Which is very well possible, Martijn Salomons, head of the animal care department says. For people, the grounds are thoroughly closed off with pointy fences and barbwire. But a small animal like a cat can walk in.’ Not in the cages, but on the grounds.
There may also be a buzzard flying over or a stoat passing by that scares the animals
This doesn’t affect the research, Salomons believes. The fact that the animals experience stress makes little difference. ‘These are long-term studies of behaviour or longevity, for example,’ he explains. ‘A cat walking by doesn’t matter.’ There may also be a buzzard flying over or a stoat passing by that scares the animals, he says resignedly. ‘That’s simply the consequence of testing outdoors.’
But the test animals aren’t the only animals on campus. So what else is our nocturnal campus cat, which we even see walking around EnTranCe, up to?
Disturbing suspicion
RUG ecologist Raymond Klaassen has a disturbing suspicion. A few years ago he performed research on cats a little further north, on the other side of the Van Starkenborghkanaal. He fitted cats from the area with transmitters and recorded how they easily wandered a few kilometres from home. “There was no place they couldn’t get to.
He doesn’t know how much they caught exactly, but according to the Bird Conservancy, all Dutch cats combined catch about 18 million preys. ‘I would have loved to have hung a camera on them,’ he says.
‘The numbers are so high that you can expect it to have a population-level effect. Especially in the breeding season, when the little ones have just left the nest and can’t fly yet.’ Then they’re on the ground for a few days. That’s the most dangerous period, with many casualties.’

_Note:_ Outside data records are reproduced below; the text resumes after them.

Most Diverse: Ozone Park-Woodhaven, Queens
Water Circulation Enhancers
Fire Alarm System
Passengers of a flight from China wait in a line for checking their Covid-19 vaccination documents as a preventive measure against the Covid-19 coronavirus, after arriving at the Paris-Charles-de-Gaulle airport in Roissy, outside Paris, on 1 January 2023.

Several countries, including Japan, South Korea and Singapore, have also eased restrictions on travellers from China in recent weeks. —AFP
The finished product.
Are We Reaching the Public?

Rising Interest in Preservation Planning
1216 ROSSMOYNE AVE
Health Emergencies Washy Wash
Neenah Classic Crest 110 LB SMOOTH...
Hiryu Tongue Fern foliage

As a result, he doesn’t think it’s acceptable for people to let their cats run loose during the breeding season. Which is quite a long period: from May to early August.

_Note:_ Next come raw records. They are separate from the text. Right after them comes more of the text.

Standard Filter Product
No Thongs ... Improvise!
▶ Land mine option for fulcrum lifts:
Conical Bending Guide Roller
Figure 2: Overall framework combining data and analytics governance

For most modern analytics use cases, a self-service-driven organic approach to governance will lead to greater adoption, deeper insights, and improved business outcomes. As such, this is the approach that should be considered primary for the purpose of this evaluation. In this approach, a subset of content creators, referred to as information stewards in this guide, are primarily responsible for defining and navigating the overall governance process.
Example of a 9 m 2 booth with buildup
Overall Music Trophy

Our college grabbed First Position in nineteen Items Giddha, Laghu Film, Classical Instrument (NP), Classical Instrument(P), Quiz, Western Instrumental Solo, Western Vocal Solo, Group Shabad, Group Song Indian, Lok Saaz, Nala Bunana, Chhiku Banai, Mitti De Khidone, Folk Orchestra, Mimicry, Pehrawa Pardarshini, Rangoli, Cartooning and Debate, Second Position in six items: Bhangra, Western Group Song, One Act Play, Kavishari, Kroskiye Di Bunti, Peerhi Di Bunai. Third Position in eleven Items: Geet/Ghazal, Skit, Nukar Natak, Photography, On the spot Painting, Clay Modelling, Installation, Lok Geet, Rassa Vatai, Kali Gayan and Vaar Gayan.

Following the example of American researcher Pete Mara, Klaassen makes the comparison with dogs: ‘There used to be a lot of problems with dogs biting people. At a certain time people said: this is no longer acceptable; these dogs must be kept behind a fence or on a leash.’ So exactly the same should happen now with cats.
But does that mean we should keep our Grey Hunter home all summer? Then she will get depressed. Can’t we put a bell on her?
Doesn’t help, Klaassen says. After all, cats prowl. When a bird hears the bell, it’s already too late. What might help is a brightly coloured clown’s collar of about 10 centimetres. ‘Birds are very visually oriented.’
Athough it doesn’t help young birds. They remain an easy target for cats. And that’s pitiful too, says Klaassen.